More than 200 structures are thought to be at risk as Historic Environment Scotland (HES) prepares to begin a programme of “hands-on” surveys to determine the extent of damage within weeks.
The “Outlander effect” has seen tourists flocking to locations such as Doune Castle where visitors to the 14th-century stronghold in Perthshire soared from 38,081 in 2013 – the year before it first appeared as fictional Castle Leoch – to 142,091 in 2018.
Elsewhere, visitor attendance at Aberdour Castle in Fife increased from 12,518 to 27,507 during the same period, while numbers at Linlithgow Palace in West Lothian soared from 66,500 to 94,718.
VisitScotland figures show Craigmillar Castle, in Edinburgh, attracted 23,221 people in 2016 – the year before it first appeared in Outlander – rising to 35,473 in 2018.
The Outlander series, now in its sixth season, is based on the best-selling novels of US author Diana Gabaldon and stars Sam Heughan and Caitriona Balfe.
A HES spokesperson said: “The success of the Outlander books and television show has had many benefits for Scotland, but the increased level of visitation at Doune Castle in particular, pre lockdown, while of course was very welcome, was such that we saw some issues relating to ground erosion on the site. In addition, the increased congestion from visiting vehicles meant existing facilities struggled to cope."
HES, which cares for 336 historic buildings and sites across the country, has developed a new course, accredited by the Scottish Qualifications Authority, to attract more people to gain the skills necessary to survey at-risk historic properties.

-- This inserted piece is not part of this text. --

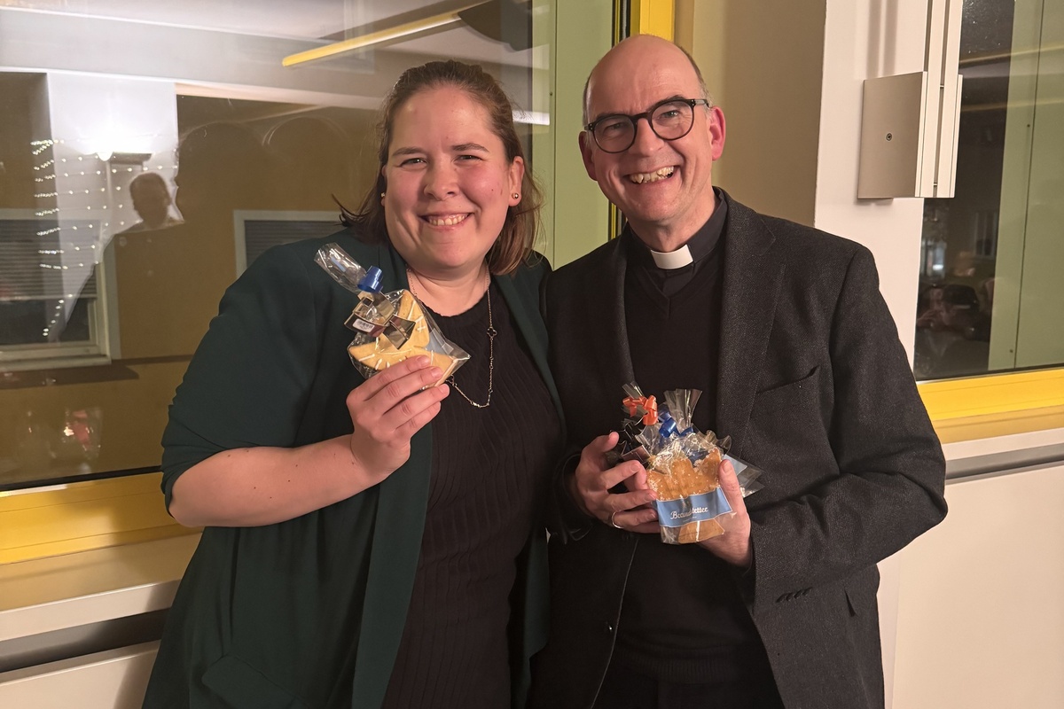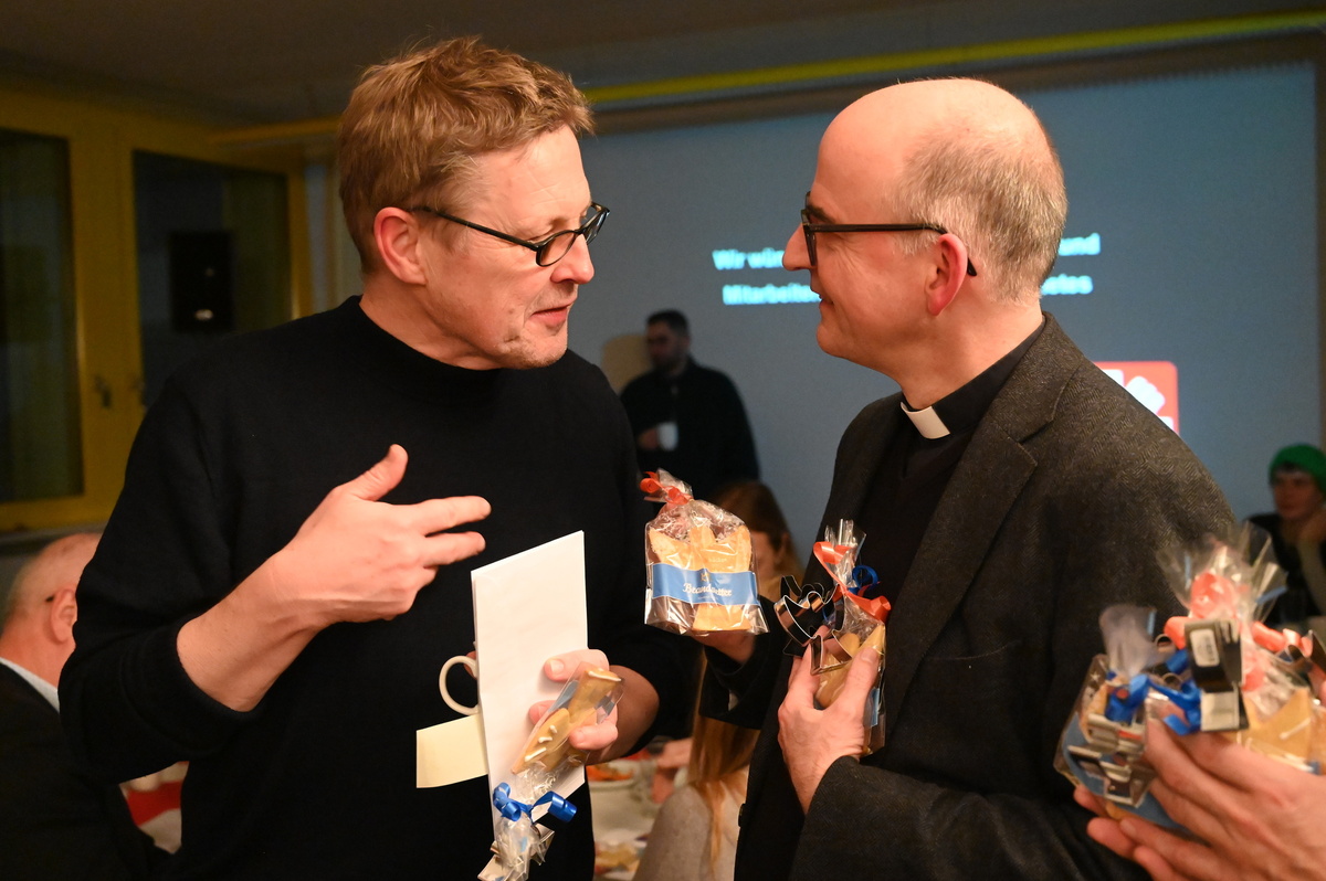 Bischof Jung, der nach dem Treffen mit den Mitarbeitenden des Bischöflichen Ordinariats ins Caritashaus kam, betonte die weitere Verzahnung von Caritas und Pastoral. Das Bewusstsein gemeinsam unterwegs zu sein, sei gewachsen. Zum anstehenden Heiligen Jahr gab er den Impuls weiter „Orte der Hoffnung“ zu definieren. Zudem rief Jung zur Beteiligung am Katholikentag 2026 auf. „Ganz herzlichen Dank für alles, was geleistet worden ist, in den vielen Tätigkeitsfeldern der Caritas. Danke für Ihr beispielhaftes Tun!“, sagte er. Im Anschluss teilte der Bischof als Dank gebackene süße Engelchen aus und wünschte ein „gesegnetes neues Jahr der Hoffnung“.

The Diploma in Planning, Surveying and Recording the Condition of Built Assets for Conservation will initially be offered to all relevant staff across HES and later to the wider sector.
Colin Tenant, the body’s head of technical education and training, said: “What we’ve been asked to do is develop a qualification and a training package to underpin it, to ensure that staff undertaking inspections have the skills and expertise to do that to the appropriate standard.
"There's an issue around the availability of skills to undertake this kind of survey work in the level of detail that's required, so this is where we see this qualification as filling a gap... specifically looking at the knowledge and expertise that's required around heritage assets."
The new course will be delivered by HES's own experts using a blended approach of in-person training on sites and at its centres in Stirling and Elgin, and also comprising digital content including 3D models that can be accessed anywhere in the country. It is hoped that SQA accreditation will encourage more people to sign up.
Mr Tenant added: “We are aiming to be able to deliver this training as soon as we possibly can … but there is that sense of urgency around the need to do the survey programme and we are cognisant of that.”
HES stressed that while the inspection programme takes place, many of Scotland’s best-loved historic properties remain open to the public.
There are currently no restrictions at Blackness Castle, Fort George, Urquhart Castle, Glasgow Cathedral and Clava Cairns, all of which have featured in Outlander.